* [What you have to do]: Below are the records; repeat exactly their lines between the line holding "Набор из трех" and the line holding "此前博主@金猪升级包曾曝出名称为Ryzen AI 9", inclusive, skipping the pictures.

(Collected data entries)
____________

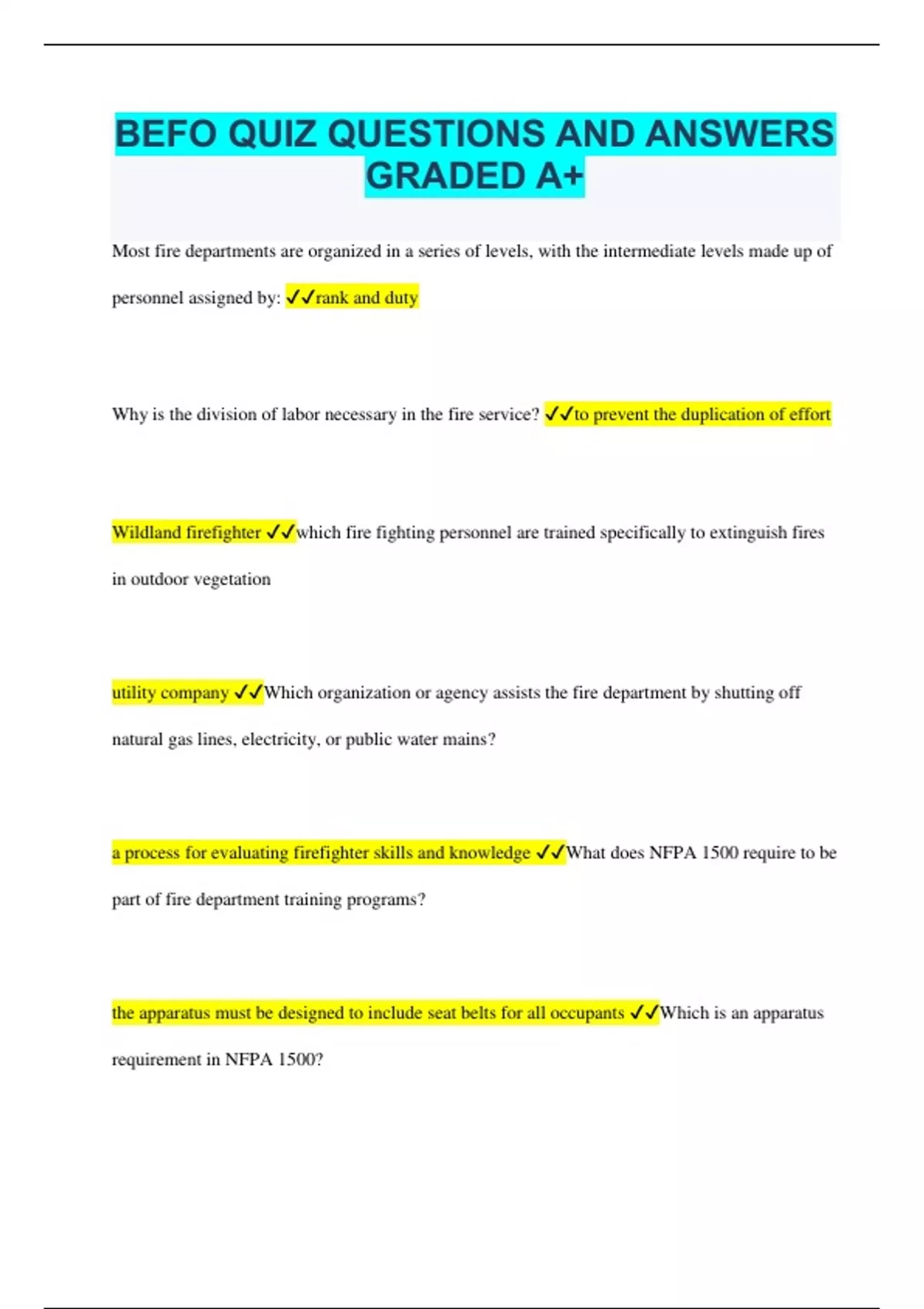 BEFO QUIZ QUESTIONS AND ANSWERS GRADED A+
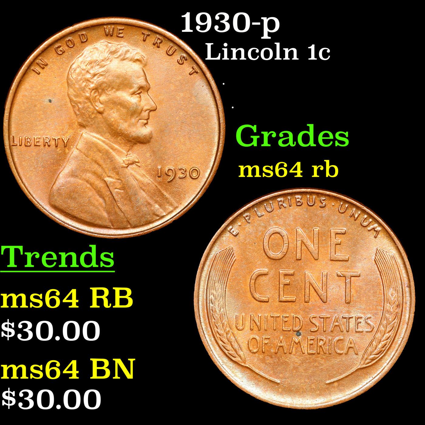 1930-p Lincoln Cent 1c Grades Choice Unc RB.
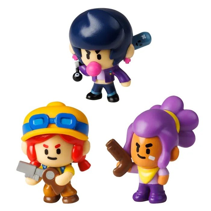 Набор из трех фигурок популярных героев игры Brawl Stars — Джесси, Биби и Шелли.
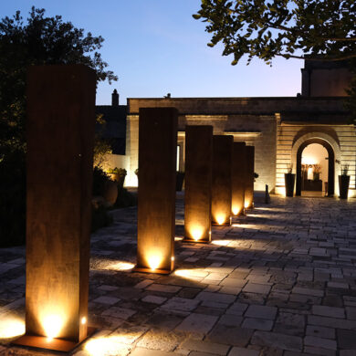 Dominant la baie d’Otranto, le Relais Valle dell’Idro offre un panorama à couper le souffle. Son architecture contemporaine, toute de pierre claire et de bois brut, s’intègre naturellement au paysage.
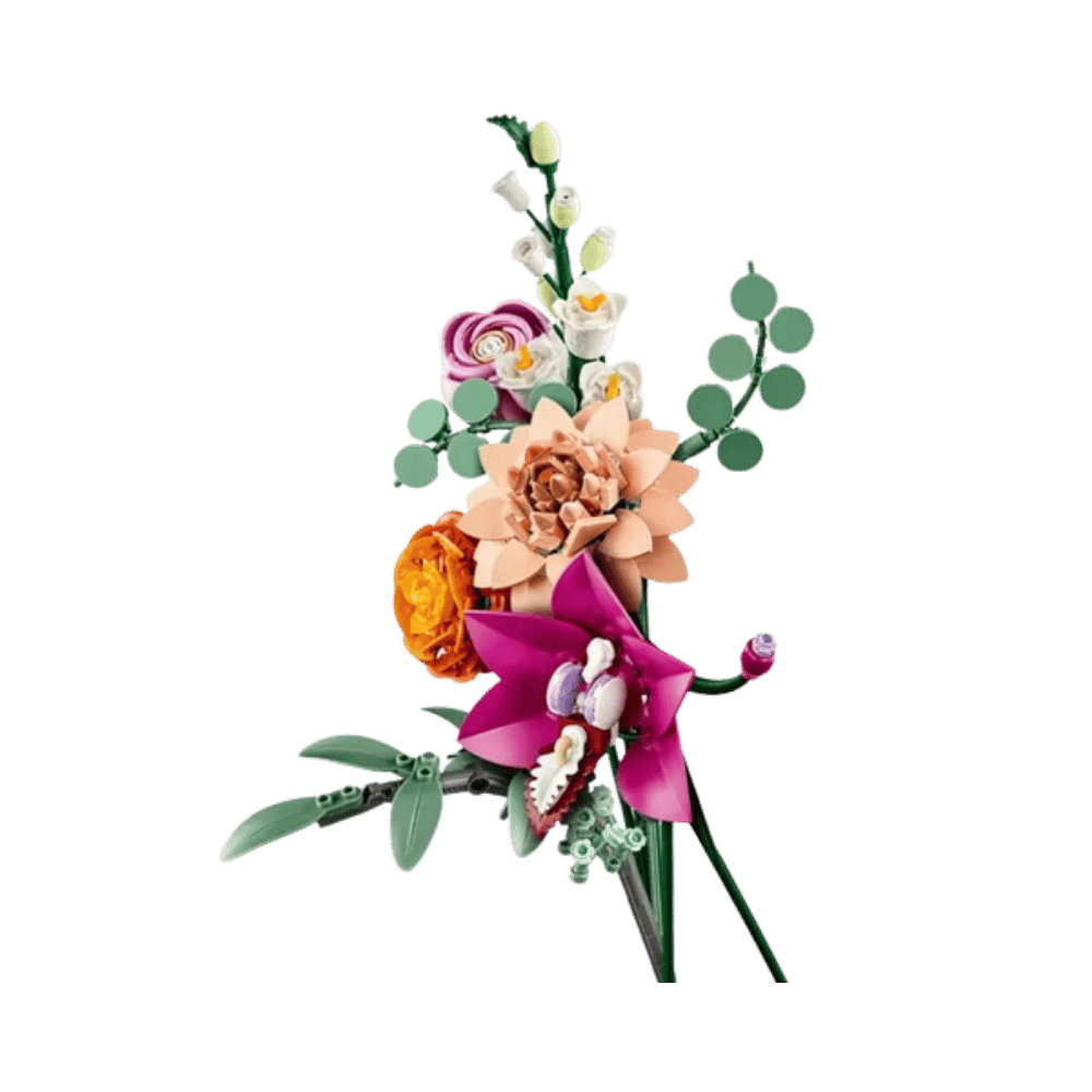 - LEGO flowers – The set features 15 buildable flower stems, including daisies, cornflowers, eucalyptus, elderflowers, roses, ranunculus, cymbidium orchids, a campanula and a waterlily dahlia
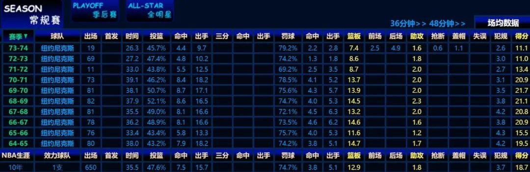 2019年,A-史密斯说出那句经典台词:“ 尼克斯上次夺冠时我5岁,现在我都51岁了。 ”没错,尼克斯最后一次夺冠正是1973年!一人一城,里德把整个生涯奉献给了纽约尼克斯,1974年4月,32岁的他因伤退役。里德常规赛和季后赛数据如下:
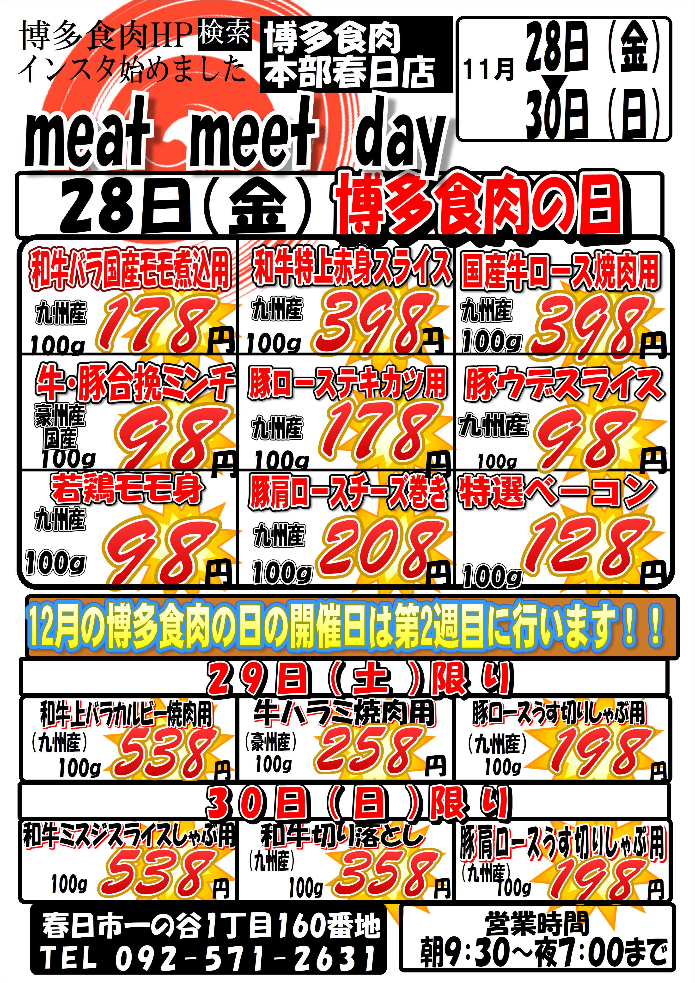 今週は月に1度の博多食肉の日の開催です‼ 美味しいお肉がお買い得になっております。 ~お知らせ~ 来月12月の博多食肉の日の開催は年末の関係もあり 第2週目(12月12日(金)~12月14日(日))に行いことになりました。 大変申し訳ございません。ご理解の程宜しくお願い致します。 春日店本部
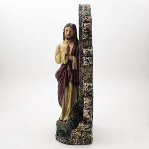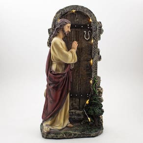 Imagem Jesus Bate à Porta com Luz Importado Resina 30 cm Jesus bate à porta, é uma imagem com referência a uma passagem bíblica. eis que estou à porta e bato. Se alguém ouvir a minha voz e abrir a porta, entrarei e cearei com ele, e ele comigo. Apocalipse 3:20
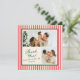 Pequenas faixas verticais vermelhas e creme de coral dão a esta duas fotos de cartões de agradecimentos de feriado uma vibração moderna e chica quando combinada com fontes clássicas em verde-floresta. O backer coordenado apresenta uma fonte personalizada de mensagem e caligrafia mais longa para uma linha de assinatura.
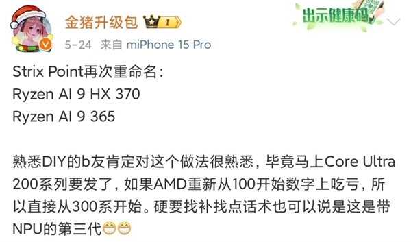 此前博主@金猪升级包曾曝出名称为Ryzen AI 9 HX 370和Ryzen AI 9 365的两款处理器,按照AMD以往的命名规则来说的话,前者的HX应该是高性能且能够超频的型号,主要是面向高端游戏本,而后者则是面向轻薄本以及主流游戏本的型号。
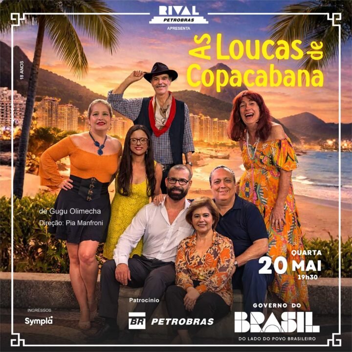 A comédia “As loucas de Copacabana” traz humor afiado e elenco consagrado: Narjara Turetta, Marcos Oliveira (Beiçola), Guilherme DelRio, Rose Scalco, Danton Lisboa, Andi Teixeira e Isabella Barros. Com direção de Pia Manfroni, a peça é do dramaturgo Gugu Olimecha, que foi roteirista de programas clássicos de humor como “Zorra Total”, “Sai de Baixo”, “Escolinha do Professor Raimundo” e “Os Trapalhões”
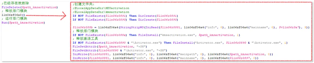 釋放激活工具和惡意模塊代碼
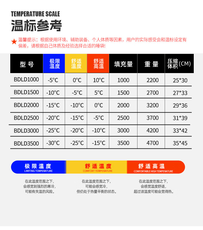 卖家服务先要赞一个,因为我 等用,他给我发了顺丰,及时收到。产品要赞一个,我们出去露营是初冬,下半夜温度在零度下,孩子妈体质冷,但是她带着孩子睡这个袋,一点都没觉得冷,我同时用一个3公斤的棉袋,就冻得睡不着。回家以后再用被套分开套了俩张羽绒被,还是温暖舒服。真心好货!

____________

* [Solution for this task]:
 Набор из трех фигурок популярных героев игры Brawl Stars — Джесси, Биби и Шелли.
 Dominant la baie d’Otranto, le Relais Valle dell’Idro offre un panorama à couper le souffle. Son architecture contemporaine, toute de pierre claire et de bois brut, s’intègre naturellement au paysage.
 - LEGO flowers – The set features 15 buildable flower stems, including daisies, cornflowers, eucalyptus, elderflowers, roses, ranunculus, cymbidium orchids, a campanula and a waterlily dahlia
 2019年,A-史密斯说出那句经典台词:“ 尼克斯上次夺冠时我5岁,现在我都51岁了。 ”没错,尼克斯最后一次夺冠正是1973年!一人一城,里德把整个生涯奉献给了纽约尼克斯,1974年4月,32岁的他因伤退役。里德常规赛和季后赛数据如下:
 今週は月に1度の博多食肉の日の開催です‼ 美味しいお肉がお買い得になっております。 ~お知らせ~ 来月12月の博多食肉の日の開催は年末の関係もあり 第2週目(12月12日(金)~12月14日(日))に行いことになりました。 大変申し訳ございません。ご理解の程宜しくお願い致します。 春日店本部
 Imagem Jesus Bate à Porta com Luz Importado Resina 30 cm Jesus bate à porta, é uma imagem com referência a uma passagem bíblica. eis que estou à porta e bato. Se alguém ouvir a minha voz e abrir a porta, entrarei e cearei com ele, e ele comigo. Apocalipse 3:20
 Pequenas faixas verticais vermelhas e creme de coral dão a esta duas fotos de cartões de agradecimentos de feriado uma vibração moderna e chica quando combinada com fontes clássicas em verde-floresta. O backer coordenado apresenta uma fonte personalizada de mensagem e caligrafia mais longa para uma linha de assinatura.
 此前博主@金猪升级包曾曝出名称为Ryzen AI 9 HX 370和Ryzen AI 9 365的两款处理器,按照AMD以往的命名规则来说的话,前者的HX应该是高性能且能够超频的型号,主要是面向高端游戏本,而后者则是面向轻薄本以及主流游戏本的型号。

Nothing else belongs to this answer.